In a letter to his people at home in Warwickshire, a Trooper Collins of the Imperial Yeomanry wrote:
“We have just got back to Boshof after being away nearly a fortnight. We went from Boshof to a place nearly half-way to Hoopstad. So one morning we had orders for all the mounted troops to saddle up, and about 500 infantry to get ready. We are with Lord Methuen, who has about 2000 troops with him, and about half us of us went out from here.
Well we had not gone about five miles before the Boers started firing at the scouts. You know I am a scout, but there are about 30 older men called the “Warwick’s Scouts”. They know the country and go first, and from the one end where they were to the other end was four miles.
We turned around and started to advance on the kopje at one end of their fire, then the scouts said there was a wire fence between us and this kopje, so Lord Chesham ordered the men out with wire nippers to go and cut it.”
The Bradford Observer of 25 February 1901 carried the following article:
“The War Office on Saturday issued a list of casualties sustained by Lord Methuen’s column on the march through Wolmaranstad to Klerksdorp. On the 16th several casualties were sustained at Rietfontein by the Bushmen. In the contest at Hartbeesfontein on the same day the losses were given as follows:
Warwick’s Scouts – Captain J. Warwick severely wounded in the left hip and thigh.”
Given the fact that the Officer Commanding of this small unit was now out of action it came as no surprise that the end of the Scouts, as a fighting unit, was nigh. The Ipswich Journal of 18 May 1901 quoted a “Clark Kennedy (who has been with Warwick’s Scouts on the column) came back yesterday to rejoin; so many of the Scouts (including Captain Warwick) were wounded in the late fighting that they are disbanding them.”
That the Scouts were in the thick of the action as the advance guard, in most instances, meant that casualties were high. Gates served as a Sergeant with no. 39 until they were disbanded, moving on to the Cape Colony Cyclist Corps in May 1901, as their Paymaster and on promotion to commissioned rank.

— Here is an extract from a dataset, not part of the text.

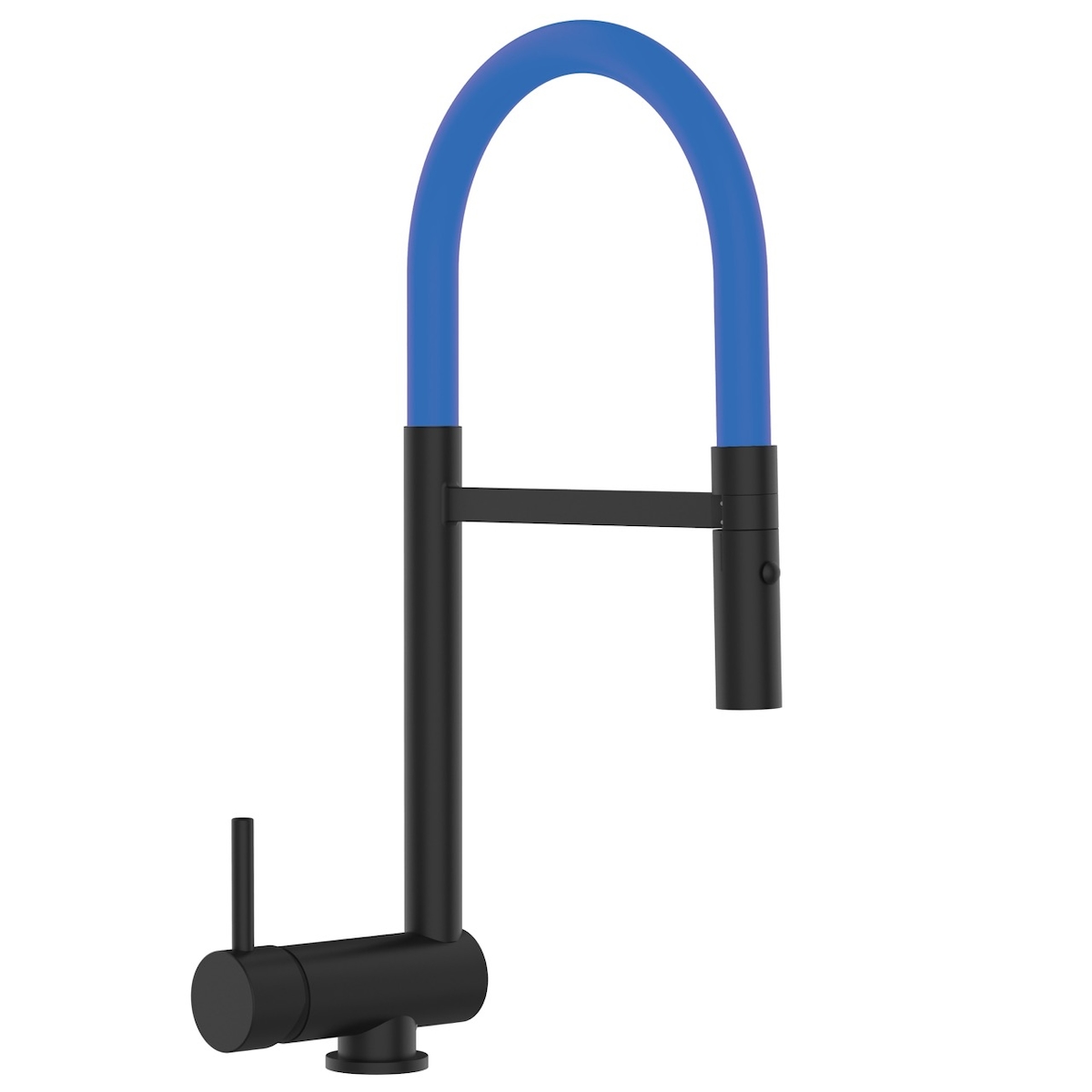 Vizio Unterfenster Wasserhahn Umklappbar 6 CM Schwarz Matt Küchenarmatur, 360° schwenkbarem Blau Auslauf und abnehmbare 2 Strahl Handbrause - LINKER HEBEL

Perhaps it was the stress of what had he had seen and experienced as a Scout that drove Gates to the bottle, perhaps he had a predisposition to alcohol? Whatever the case may be he took to drinking rather heavily which had disastrous consequences. The Western Times of 26 November 1901 carried the sad tidings under the banner “Casualties”:
“Lieut. Charles Atkinson Gates of the Cape Colony Cyclist Corps, died at Naauwpoort on November 22, and enquiries are being made as to the cause of his death.”
His Death Notice, signed at Rondebosch, Cape Town by his wife on 13 January 1903, confirmed that he was 37 years and 6 months old when he died at the Field Hospital in Naauwpoort and that, aside from his wife, he was survived by his daughter, Gladys Mabel Gates. But it was the death certificate completed by the District Surgeon on 30 December 1901 that provided the cause of death – this read that at Naauwpoort in the Colesburg district, Gates had passed away from Delirium Tremens – a condition associated with the excessive consumption of alcohol. He had suffered for two days before his demise.
His Queens medal was issued posthumously, off the C.C.C.C. roll dated at Cape Town on 19 August 1903. His wife Alice Julia Gates passed away in Pretoria on 18 September 1930.